Anxiety disorders, which include panic disorder, obsessive-compulsive disorder (OCD), post-traumatic stress disorder (PTSD), phobias, and generalized anxiety disorder, affect an estimated 13.3 percent of Americans ages 18 to 54 in a given year, or about 19.1 million adults in this age group. Women outnumber men in each illness category except for OCD and social phobia, in which both sexes have an equal likelihood of being affected.
Results from an NIMH-supported survey showed that female risk of developing PTSD following trauma is twice that of males. PTSD is characterized by persistent symptoms of fear that occur after experiencing events such as rape or other criminal assault, war, child abuse, natural disasters, or serious accidents. Nightmares, flashbacks, numbing of emotions, depression and feeling angry, irritable, or distracted and being easily startled are common. Females also are more likely to develop long-term PTSD than males and have higher rates of co-occurring medical and psychiatric problems than males with the disorder.
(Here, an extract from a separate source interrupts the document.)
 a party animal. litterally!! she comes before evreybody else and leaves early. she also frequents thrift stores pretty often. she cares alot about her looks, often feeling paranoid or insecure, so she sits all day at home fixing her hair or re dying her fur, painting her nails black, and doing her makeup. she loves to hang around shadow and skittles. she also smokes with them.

Females comprise the vast majority of people with an eating disorder?anorexia nervosa, bulimia nervosa, or binge-eating disorder. In their lifetime, an estimated 0.5 to 3.7 percent of females suffer from anorexia and an estimated 1.1 to 4.2 percent suffer from bulimia. An estimated 2 to 5 percent experience binge-eating disorder in a 6-month period. Eating disorders are not due to a failure of will or behavior; rather, they are real, treatable illnesses. In addition, eating disorders often co-occur with depression, substance abuse, and anxiety disorders, and also cause serious physical health problems. Eating disorders call for a comprehensive treatment plan involving medical care and monitoring, psychotherapy, nutritional counseling, and medication management. Studies are investigating the causes of eating disorders and effectiveness of treatments.
Schizophrenia is the most chronic and disabling of the mental disorders, affecting about 1 percent of women and men worldwide. In the U.S., an estimated 2.2 million adults ages 18 and older, about half of them women, have schizophrenia. The illness typically appears earlier in men, usually in their late teens or early 20s, than in women, who are generally affected in their 20s or early 30s. In addition, women may have more depressive symptoms, paranoia, and auditory hallucinations than men and tend to respond better to typical antipsychotic medications. A significant proportion of women with schizophrenia experience increased symptoms during pregnancy and postpartum.
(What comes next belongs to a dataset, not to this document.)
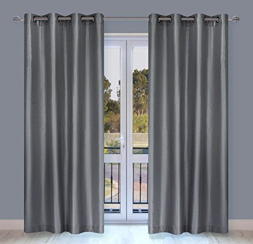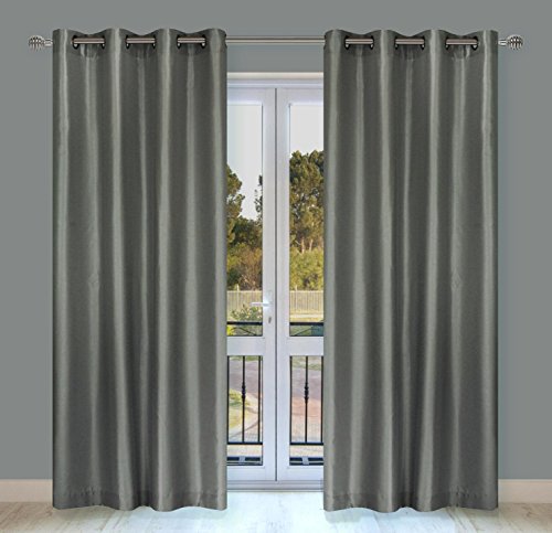 Add fabulous to your windows with timeless LJ Home Fashions Silkana curtains. Grommet top panels showcase faux silk fabric. Woven fabric has a soft sheen and subtle texture. Curtains are light filtering. Available in over 25 neutral and trending colors. Set includes 2 curtains. Each panel is 56"x88" inches. 100-percent polyester. Dry cleaning recommended.Feature

The main risk factor for developing Alzheimer’s disease (AD), a dementing brain disorder that leads to the loss of mental and physical functioning and eventually to death, is increased age. Studies have shown that while the number of new cases of AD is similar in older adult women and men, the total number of existing cases is somewhat higher among women. Possible explanations include that AD may progress more slowly in women than in men; that women with AD may survive longer than men with AD; and that men, in general, do not live as long as women and die of other causes before AD has a chance to develop. Research is being conducted to find ways to prevent the onset of AD and to slow its progression.
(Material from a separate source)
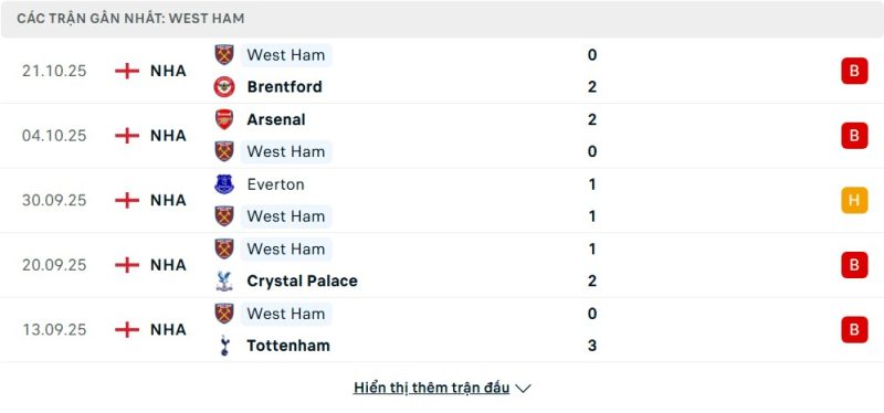 - Phong độ của West Ham United
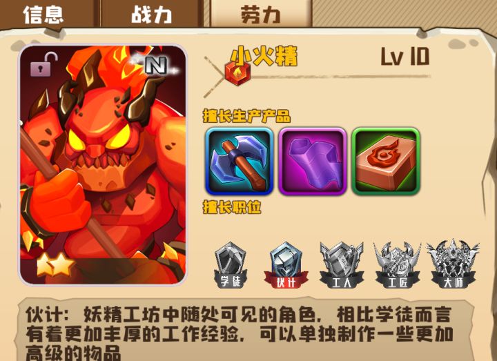 部分妖精升星后的劳力ps:同样的擅长提供的效果不一定一样。如:小火精和抱兮同样擅长加工妖精斧头,一个是减少时间间隔,一个是增加获得的经验。

Caregivers of a person with AD are usually family members. Often wives and daughters. The chronic stress often associated with the care-giving role can contribute to mental health problems; indeed, caregivers are much more likely to suffer from depression than the average person is. Since women in general are at greater risk for depression than men are, female caregivers of people with AD may be particularly vulnerable to depression.